Masser v. Foxworthy

281 P. 360 | Colo. | 1929

FOXWORTHY sued Masser, a real estate dealer, and his wife, charging that by reason of false representations he was induced to trade his farm property for a Denver residence owned by them. The lower court found the equities for the plaintiff and ordered the cancellation of Foxworthy's deed to Mrs. Masser and the reconveyance to him of his property therein described. Defendants assign error, contending that the findings of fact and the decree are not supported by the evidence.

The record discloses that Foxworthy owned a homestead of 320 acres in Adams county upon which he had resided for about ten years until he came to Denver because of his health early in June of 1927. He was 65 years old, ignorant, and a chronic asthmatic. He desired to exchange his homestead for income property in Denver. Mrs. Masser was the owner of an old residence at 365 Pearl street, encumbered for $2,500. Foxworthy met Masser through Heath, a real estate dealer in Fort Morgan, and the three visited Masser's property on June 4th, 1927. An inspection of the outside of the residence and garage was made. The inside was not inspected because the tenant was not at home. *315 According to Foxworthy's testimony, representations by the defendant, James B. Masser, were there made that the house was rented for $35 a month; that it was in good condition and newly decorated throughout; that the interior was in need of no repair; that there was a full basement, floor and walls cemented and in good condition; that defendant stated he never disturbed tenants and that he, Foxworthy, did not see the interior of the house until after the contract was signed. The contract in question was signed June 5, 1927, resulting in plaintiff deeding to defendant, Mrs. Masser, his homestead in exchange for the residence at 365 Pearl street, subject to the original $2,500 encumbrance and a second deed of trust for $2,500 given by Foxworthy. Subsequently, upon the investigation of the interior, Foxworthy testified that the roof leaked badly; the walls were wet, paper loose, the upstair rooms all in need of decoration and repair; there was no finished basement; a dirt floor in the cellar; the cellar walls dripped with water and there was a musty smell in the downstairs bedroom.

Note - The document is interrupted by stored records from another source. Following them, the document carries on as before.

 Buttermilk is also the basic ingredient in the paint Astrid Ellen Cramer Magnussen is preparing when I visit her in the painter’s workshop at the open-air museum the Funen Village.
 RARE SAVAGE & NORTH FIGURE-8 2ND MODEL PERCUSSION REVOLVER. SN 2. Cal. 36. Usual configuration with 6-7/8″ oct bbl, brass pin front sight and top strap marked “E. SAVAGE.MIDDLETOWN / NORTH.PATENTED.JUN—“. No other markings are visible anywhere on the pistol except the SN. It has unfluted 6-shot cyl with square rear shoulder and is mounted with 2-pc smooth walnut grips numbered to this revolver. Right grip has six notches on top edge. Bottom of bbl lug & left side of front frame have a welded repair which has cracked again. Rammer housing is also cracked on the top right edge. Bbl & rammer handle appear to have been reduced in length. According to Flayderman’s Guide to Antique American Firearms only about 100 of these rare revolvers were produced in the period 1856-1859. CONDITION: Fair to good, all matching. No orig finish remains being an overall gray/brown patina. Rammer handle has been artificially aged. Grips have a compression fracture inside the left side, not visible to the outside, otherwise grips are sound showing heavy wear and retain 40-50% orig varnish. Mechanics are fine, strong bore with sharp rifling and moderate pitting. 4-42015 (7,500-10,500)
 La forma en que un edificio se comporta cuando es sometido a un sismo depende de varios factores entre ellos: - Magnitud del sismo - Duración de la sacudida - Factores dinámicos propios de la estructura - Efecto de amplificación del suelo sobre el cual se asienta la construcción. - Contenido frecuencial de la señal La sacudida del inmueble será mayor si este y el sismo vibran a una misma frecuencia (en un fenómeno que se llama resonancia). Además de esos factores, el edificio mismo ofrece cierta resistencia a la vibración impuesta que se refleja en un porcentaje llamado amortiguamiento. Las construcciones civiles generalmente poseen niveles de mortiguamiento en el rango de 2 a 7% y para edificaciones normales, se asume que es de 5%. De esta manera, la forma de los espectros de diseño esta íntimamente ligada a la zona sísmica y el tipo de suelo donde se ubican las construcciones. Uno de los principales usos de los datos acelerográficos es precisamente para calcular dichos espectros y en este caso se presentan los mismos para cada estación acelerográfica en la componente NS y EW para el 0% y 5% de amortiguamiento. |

Foxworthy immediately demanded a return of his farm. This action was thereupon instituted. Among other charges of fraud alleged, are false representations with reference to the condition of the exterior and the interior of the house. Defendants contend that the plaintiff made a complete independent investigation of the condition of the property and its value, and that they cannot be charged with false representations concerning the interior of the house, the facts concerning which could have been determined from an exterior investigation. Water from the adjoining house drained into an opening in Masser's cellar causing the wet walls. The value of plaintiff's homestead was between two and three thousand dollars. The value of defendant's residence was less than the amount of the two encumbrances aggregating $5,000.

It is true that defendants' witnesses testified that said *316 property was worth from seven to eight thousand dollars, but this was based entirely upon a contingent possibility that the property might be used as an apartment house site. This is too highly speculative and remote to be entitled to much weight.

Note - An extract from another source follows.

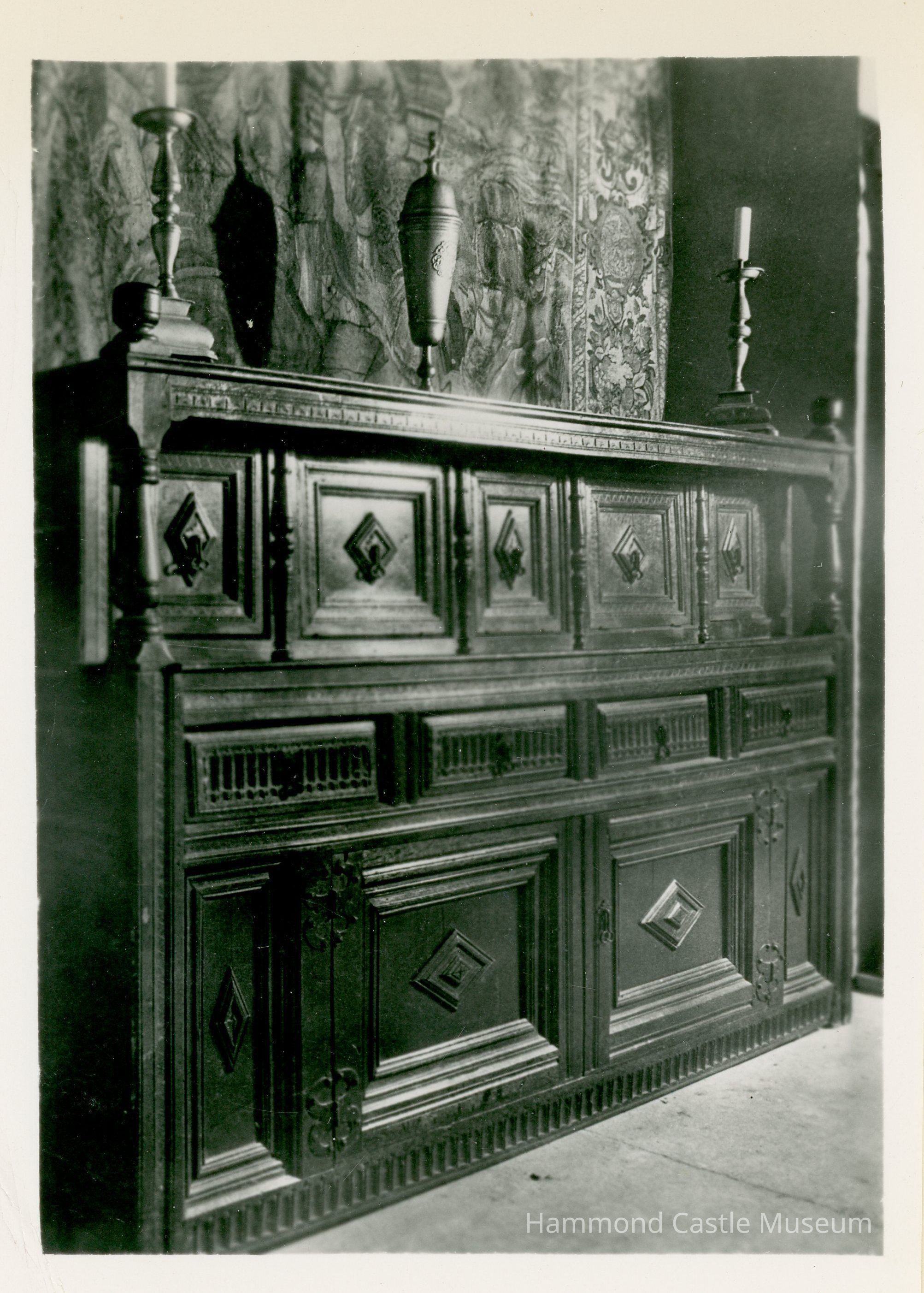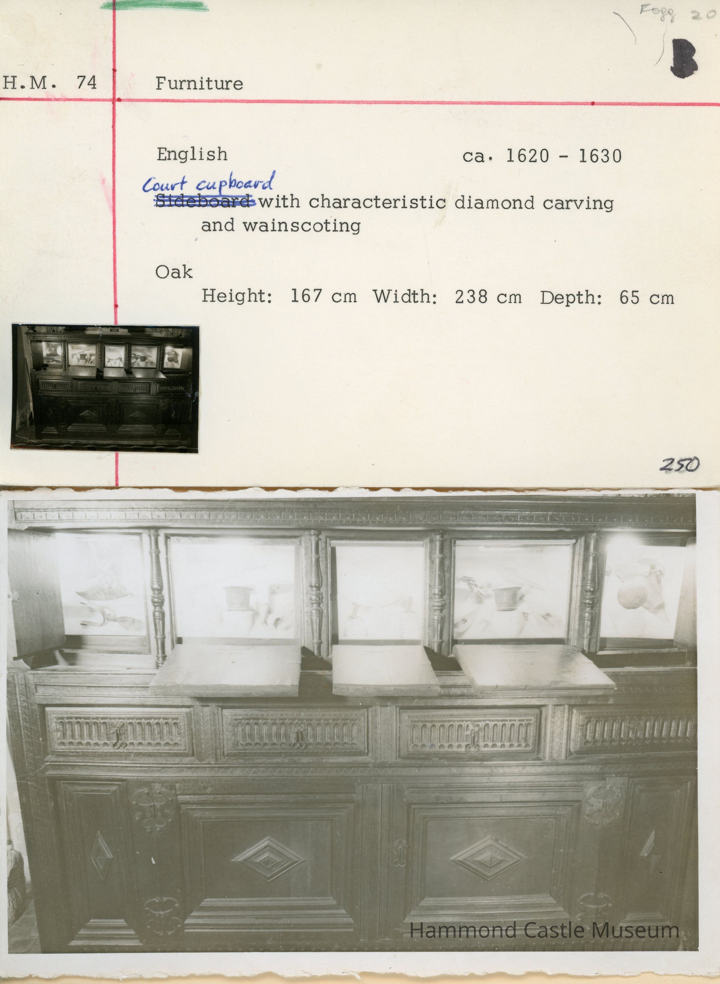 HM74 English 17thc cupboard w diamond motif infoNote Type

The record clearly discloses that the statements and conduct of defendant Masser (his wife is merely a nominal defendant) lulled plaintiff into the belief that the interior of the house was in the good condition represented by Masser. The outward appearances of the house were good. Plaintiff had no reason to suspect that the interior was in a bad condition.

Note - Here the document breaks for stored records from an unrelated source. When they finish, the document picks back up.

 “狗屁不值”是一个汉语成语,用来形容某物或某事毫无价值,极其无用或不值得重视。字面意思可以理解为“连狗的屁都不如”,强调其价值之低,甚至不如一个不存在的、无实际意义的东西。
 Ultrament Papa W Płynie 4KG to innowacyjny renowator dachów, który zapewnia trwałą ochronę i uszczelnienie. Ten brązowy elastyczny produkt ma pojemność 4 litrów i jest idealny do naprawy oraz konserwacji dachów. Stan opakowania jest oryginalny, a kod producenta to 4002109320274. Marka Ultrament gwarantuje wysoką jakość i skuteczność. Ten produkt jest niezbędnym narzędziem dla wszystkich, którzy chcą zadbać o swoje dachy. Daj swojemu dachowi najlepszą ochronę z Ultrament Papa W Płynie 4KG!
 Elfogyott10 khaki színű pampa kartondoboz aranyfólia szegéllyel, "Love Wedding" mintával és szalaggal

[1] The effect of defendants' contention is that plaintiff's failure to investigate the condition of the interior of the property precludes him from charging the defendants with false representations concerning the same.

We cannot agree with this contention, under the facts as here presented. Foxworthy was not bound to investigate the condition of the interior. Schtul v. Wilson,83 Colo. 528, 266 Pac. 1112; Colo. Mtg. Co. v. Wilson,83 Colo. 254, 263 Pac. 406; Hanson v. Chamberlin,76 Colo. 562, 564, 233 Pac. 830; Waid v. Hobson,17 Colo. App. 54, 67 Pac. 176; Zang v. Adams, 23 Colo. 408,48 Pac. 509, 58 Am. St. Rep. 249; Colo. Inv. Loan Co. v.Beuchat, 48 Colo. 494, 501, 502, 111 Pac. 61; Carlson v.Akeyson, 65 Colo. 35, 39, 172 Pac. 1058; 26 C. J. 1147.

[2] In Clark v. Giacomini, 85 Colo. 530, 534,277 Pac. 306, we held that, "One who has intentionally perpetrated a fraud should not be heard to say that greater vigilance upon the part of the one defrauded would have avoided it."

The record discloses ample evidence upon which the findings of the lower court can and should be upheld. By the transfer, defendant obtained something for nothing and plaintiff lost his ranch and obtained nothing in return and assumed an obligation to pay a deficiency judgment.

Under the facts in evidence, the perpetrator of such *317 an unconscionable transfer cannot be heard to claim that the equities are in his favor.

Judgment is accordingly affirmed.

MR. CHIEF JUSTICE WHITFORD, MR. JUSTICE BUTLER and MR. JUSTICE BURKE concur.